Measurement of RANTES serum concentrations
RANTES serum concentrations were measured with the Quantikine ELISA kit (R&D Systems, Wiesbaden, Germany). Mean intra- and inter-assay coefficient of variation (CV) values were 4.2 and 5.1% respectively, for recombinant controls, and 4.7 and 6.4% respectively, for test sera.
Genotyping
In order to obtain complete coverage of the CCL5 gene, six single nucleotide polymorphisms (SNPs) were selected on the basis of data from the International HapMap project (http://www.hapmap.org) in May 2005 for a 9.2 kb locus of the CCL5 gene (promoter: rs2107538 (–403G>A), rs2280788 (–28C>G); intronic: rs2280789, rs4796120, rs3817655; 3'-flanking region: rs1065341) and covered the total common variation in the gene at the time of SNP selection. Genotyping was carried out with matrix-assisted laser desorption–ionization time of flight analysis of allele-dependent primer extension products, as reported previously (9). A subset of samples (13.3%) was genotyped in duplicate to assess genotyping quality. The mean discordance rate for the six SNPs was 0.44%.
Statistical analysis
Identification of haplotype blocks and statistical analysis were performed as described (9). The associations between RANTES levels or genotypes and incident type 2 diabetes were assessed using Cox proportional hazards analysis. As RANTES concentrations were log-normal distributed, the geometric mean adjusted for age, sex, and survey was computer stratified by CCL5 genotypes. Pairwise linkage disequilibrium was measured using Lewontin's D' and the squared correlation coefficient r2 (Fig. 1 of the online appendix which can be viewed online at http://www.eje-online.org/supplemental/).
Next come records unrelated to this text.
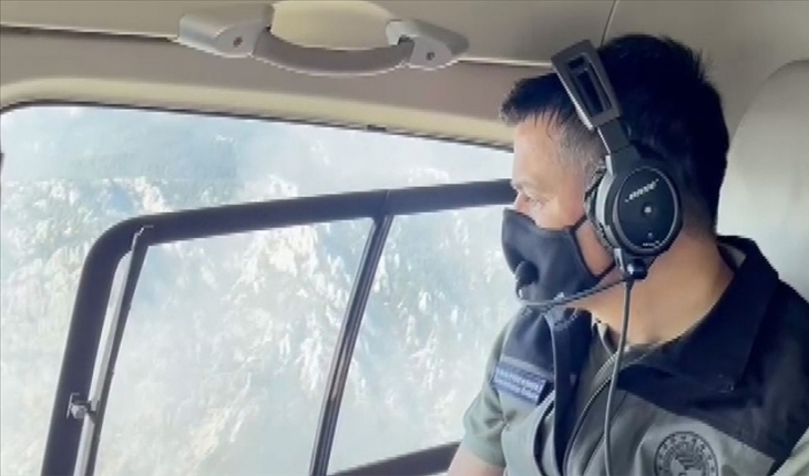 Yangın yönetim merkezinde söndürme çalışmalarını koordine eden Pakdemirli, yanan bölgede havadan incelemede bulundu.
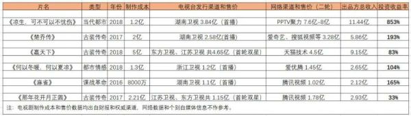 当然,《麻雀》并不是个别现象,我们还收集了 2016-2018 年市场上大火的电视剧制作成本和出售版权价格等信息,如下图:
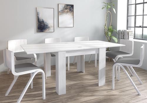 Furneo Golden 02 – Modern Extendable Dining Table Only, 90–180 cm, White Pine Effect Finish
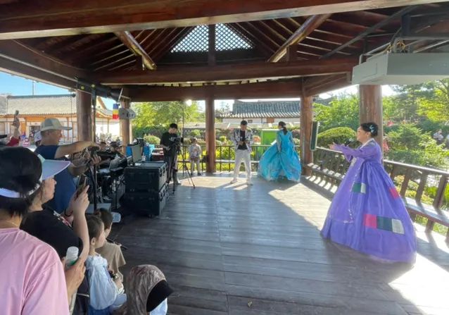 9月3日,延边歌舞团抖音“六进”活动走进中国朝鲜族民俗园,通过线上平台将延边特色文化推广到更广阔的领域,用优美的歌声庆祝延边朝鲜族自治州成立72周年。
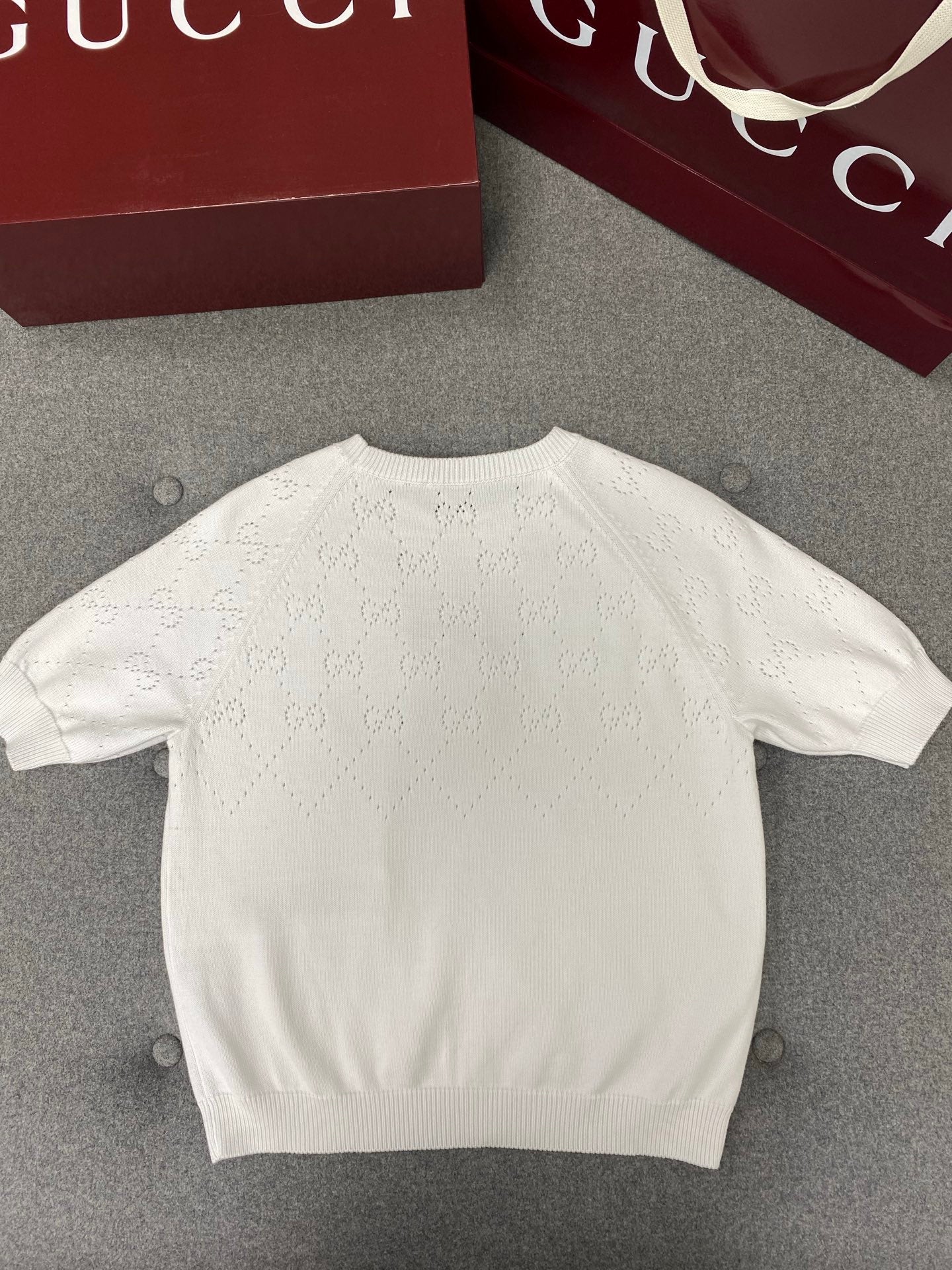 Gucci Round Neck Short Sleeves Top White Cotton

In general, P<0.05 was considered statistically significant. In our analysis of the associations between the six CCL5 SNPs and serum levels or incident type 2 diabetes, we calculated the number of effectively independent tests from the correlation structure between the SNPs (10). Given five effective SNPs, a priori planned sex-stratified analyses and two outcomes (serum levels and type 2 diabetes), the significance level adjusted for multiple testing according to Bonferroni for each of the SNPs was 0.0025 in each analysis. All evaluations were performed with the statistical software package SAS (Version 8.02 for Unix, Version 9.1 for Windows, SAS Institute, Cary, NC, USA) and the statistical analysis software R, Version 2.4.1 (11).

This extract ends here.